新規スタンプデバイスを用いた二次元細胞培養からの三次元スフェロイド/オルガノイドの作製

私たちの研究の範囲は、アガロース型における革新的なステップベースのマイクロウェルシステムを使用して、3次元細胞培養を作製するための効率的で再現性のあるプロトコールを確立することです。私たちは、薬物試験、遺伝子工学、および関連アプリケーションのための均一で高品質な3D培養を促進する、簡素化された制御された環境をどのように作り出すかを明らかにすることを目指しています。3D細胞培養システムの最近の進歩により、細胞間相互作用が改善され、in vivo様環境がより多く作り出されます。

このアプローチは、スフェロイドオルガノイドの形成を促進し、生物医学研究の有望なツールとなっています。現在の3D細胞培養技術には、吊り下げ式、回転式細胞培養、低付着性プラスチック、円錐形ウェル付きプレート、微多孔質スキャフォールド、磁気ビーズ、スキャフォールドフリーハイドロゲルなどがあります。これらの方法により、3D細胞構造の形成が可能になり、それぞれに独自の利点と制限があります。

当社のプロトコールは、一貫したサイズと品質で均一な3Dスフェロイドとオルガノイドを大規模に作製するという課題に取り組んでいます。生存率と細胞密度の問題を解決し、プロセス中の困難と不安定性に対処し、信頼性の高い3D細胞培養研究のための費用対効果が高く再現性のあるソリューションであることを証明します。私たちは、I型糖尿病の復帰を目指し、インスリン産生β細胞のインスリン産生β細胞のオルガノイドを作製し、生体高分子に封入する研究ツールの改良や、トリプルネガティブヒト乳がん細胞からのスフェロイドオルガノイドの作製を、治療前の薬物スクリーニングプラットフォームとして追求しています。

指定のソフトウェアを使用してスタンプデバイスを設計します。カスタムメイドのスタンプを柔らかい毛のスポンジと蒸留水で洗い、残留物を取り除きます。クリーンスタンプを紫外線に5〜10分間さらして、無菌性を確保します。

1〜2%アガロース溶液を調製するには、必要量の純粋なアガロース粉末を秤量し、PBSに溶解します。アガロースが完全に溶解するまで、溶液を電子レンジで加熱します。次に、摂氏40度のアガロース溶液の約3ミリリットルを6ウェルプレートの各ウェルにピペットで移します。
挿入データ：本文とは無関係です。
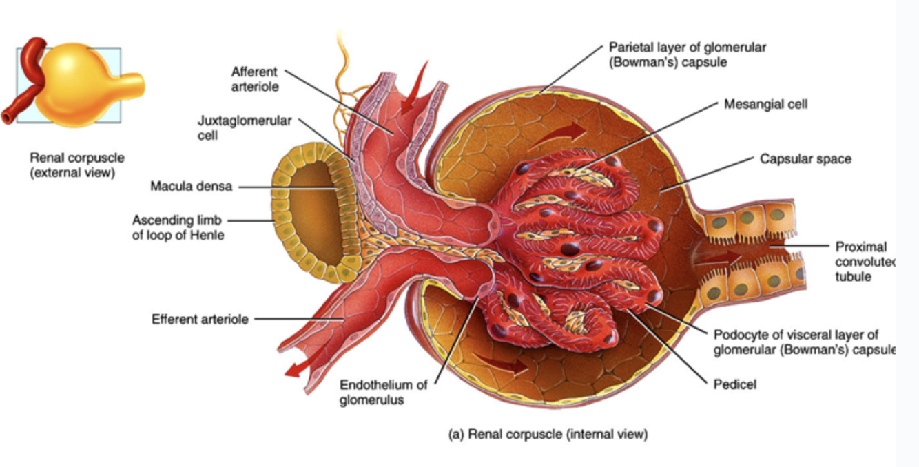 beginning of nephron: Glomerulus + glomerular capsule

スタンプをウェルの中央に置き、アガロースを5〜10分間固化させます。固化後、マイクロウェルを傷つけずに真空を放出するために、緩やかな前後の動きでスタンプを取り外してください。マイクロウェルをPBSで3回洗浄し、残留物を取り除きます。

プレートを紫外線に10分間さらして、微生物汚染を排除します。6ウェルプレートの各ウェルに3ミリリットルの培地を加え、プレートを二酸化炭素インキュベーターで摂氏37度で一晩インキュベートします。ブタ膵島の均質な懸濁液を得るためには、二次元細胞培養物にトリプシンを添加して細胞を解離させます。

次に、細胞をカウントし、濃度を調整して、6ウェルプレートのマイクロウェルあたりの細胞数を所望の細胞数にします。細胞懸濁液の3ミリリットルをアガロースマイクロウェル上にピペットで移動し、プレートを渦巻いて均一に分布させます。細胞が重力によって10〜15分間沈殿するのを待ちます。
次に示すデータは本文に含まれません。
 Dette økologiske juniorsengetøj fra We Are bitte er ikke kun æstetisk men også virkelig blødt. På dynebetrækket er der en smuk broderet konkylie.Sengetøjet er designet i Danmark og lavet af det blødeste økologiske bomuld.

次に、定着した細胞を顕微鏡で観察します。プレートを摂氏37度で5%二酸化炭素インキュベーターでインキュベートします。2〜3日ごとに、古い培地または使用済みの培地の50%を新しい培地と交換します。

コンパクトで立体的な構造が完全に形成されるまで培養を続けます。スフェロイドやオルガノイドを採取するには、培地を取り出し、カットしたピペットチップを使用して、激しいピペッティングで三次元構造を採取します。アガロースマイクロウェルでの48時間の培養により、コンパクトな三次元構造の形成に成功し、時間依存的な細胞凝集を通じて観察されました。

アガロースマイクロウェルから取り出しても生存可能な三次元構造が保持され、構造内の生細胞を示す緑色染色により、細胞の生存率と安定性が確認されました。